_Problem_:
Omitting all pictures, retype the entries below exactly as given.

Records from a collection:
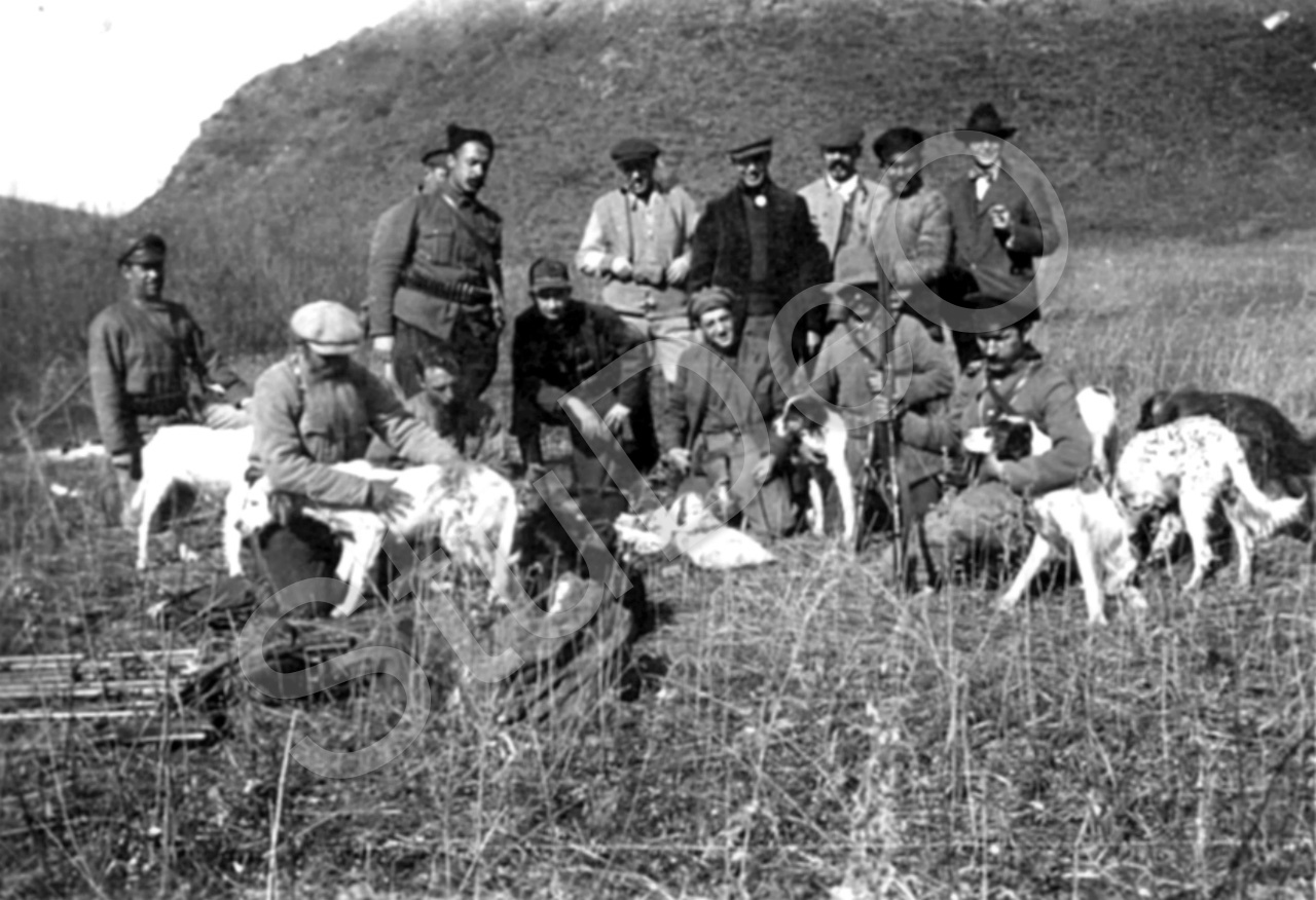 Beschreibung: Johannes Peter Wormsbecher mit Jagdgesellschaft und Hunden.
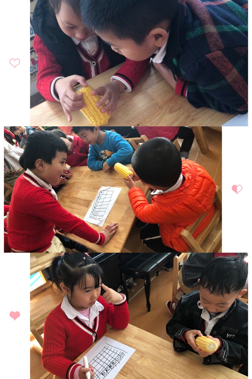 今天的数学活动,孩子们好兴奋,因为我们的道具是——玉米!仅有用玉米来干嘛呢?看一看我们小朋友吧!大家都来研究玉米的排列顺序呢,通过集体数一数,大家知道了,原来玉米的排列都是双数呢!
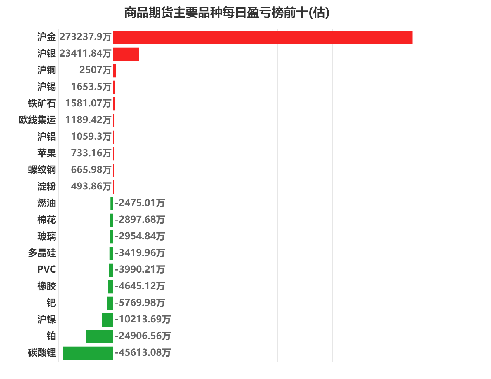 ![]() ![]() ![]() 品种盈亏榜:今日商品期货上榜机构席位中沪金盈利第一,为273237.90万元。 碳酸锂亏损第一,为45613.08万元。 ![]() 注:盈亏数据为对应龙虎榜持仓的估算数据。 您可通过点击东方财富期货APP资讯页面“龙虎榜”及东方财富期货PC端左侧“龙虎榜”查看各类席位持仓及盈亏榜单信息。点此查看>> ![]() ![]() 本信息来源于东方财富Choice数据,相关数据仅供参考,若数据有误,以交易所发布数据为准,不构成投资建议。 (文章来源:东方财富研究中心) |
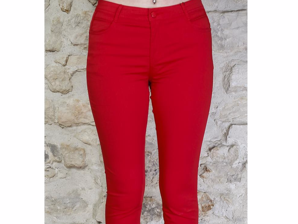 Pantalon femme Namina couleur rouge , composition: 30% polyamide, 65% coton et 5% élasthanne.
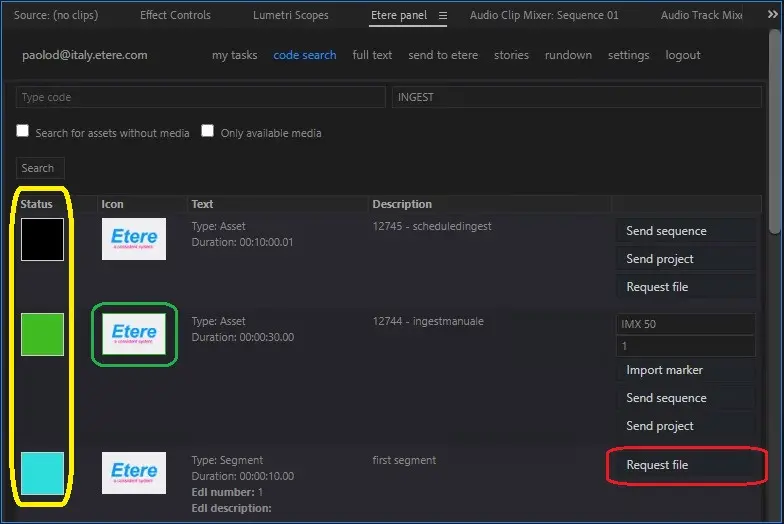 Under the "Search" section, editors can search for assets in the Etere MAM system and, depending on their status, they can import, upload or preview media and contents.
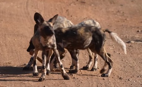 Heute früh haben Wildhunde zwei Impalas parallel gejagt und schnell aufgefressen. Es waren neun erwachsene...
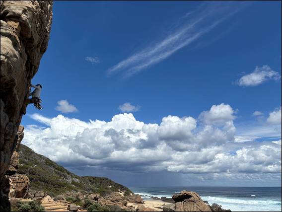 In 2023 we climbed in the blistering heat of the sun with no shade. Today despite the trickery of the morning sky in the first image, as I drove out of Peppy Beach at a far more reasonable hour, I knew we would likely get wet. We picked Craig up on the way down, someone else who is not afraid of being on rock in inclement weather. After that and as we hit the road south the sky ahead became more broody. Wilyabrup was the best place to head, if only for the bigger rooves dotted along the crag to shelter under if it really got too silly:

_Solution to this task_:
 Beschreibung: Johannes Peter Wormsbecher mit Jagdgesellschaft und Hunden.
 今天的数学活动,孩子们好兴奋,因为我们的道具是——玉米!仅有用玉米来干嘛呢?看一看我们小朋友吧!大家都来研究玉米的排列顺序呢,通过集体数一数,大家知道了,原来玉米的排列都是双数呢!
 ![]() ![]() ![]() 品种盈亏榜:今日商品期货上榜机构席位中沪金盈利第一,为273237.90万元。 碳酸锂亏损第一,为45613.08万元。 ![]() 注:盈亏数据为对应龙虎榜持仓的估算数据。 您可通过点击东方财富期货APP资讯页面“龙虎榜”及东方财富期货PC端左侧“龙虎榜”查看各类席位持仓及盈亏榜单信息。点此查看>> ![]() ![]() 本信息来源于东方财富Choice数据,相关数据仅供参考,若数据有误,以交易所发布数据为准,不构成投资建议。 (文章来源:东方财富研究中心) |
 Pantalon femme Namina couleur rouge , composition: 30% polyamide, 65% coton et 5% élasthanne.
 Under the "Search" section, editors can search for assets in the Etere MAM system and, depending on their status, they can import, upload or preview media and contents.
 Heute früh haben Wildhunde zwei Impalas parallel gejagt und schnell aufgefressen. Es waren neun erwachsene...
 In 2023 we climbed in the blistering heat of the sun with no shade. Today despite the trickery of the morning sky in the first image, as I drove out of Peppy Beach at a far more reasonable hour, I knew we would likely get wet. We picked Craig up on the way down, someone else who is not afraid of being on rock in inclement weather. After that and as we hit the road south the sky ahead became more broody. Wilyabrup was the best place to head, if only for the bigger rooves dotted along the crag to shelter under if it really got too silly:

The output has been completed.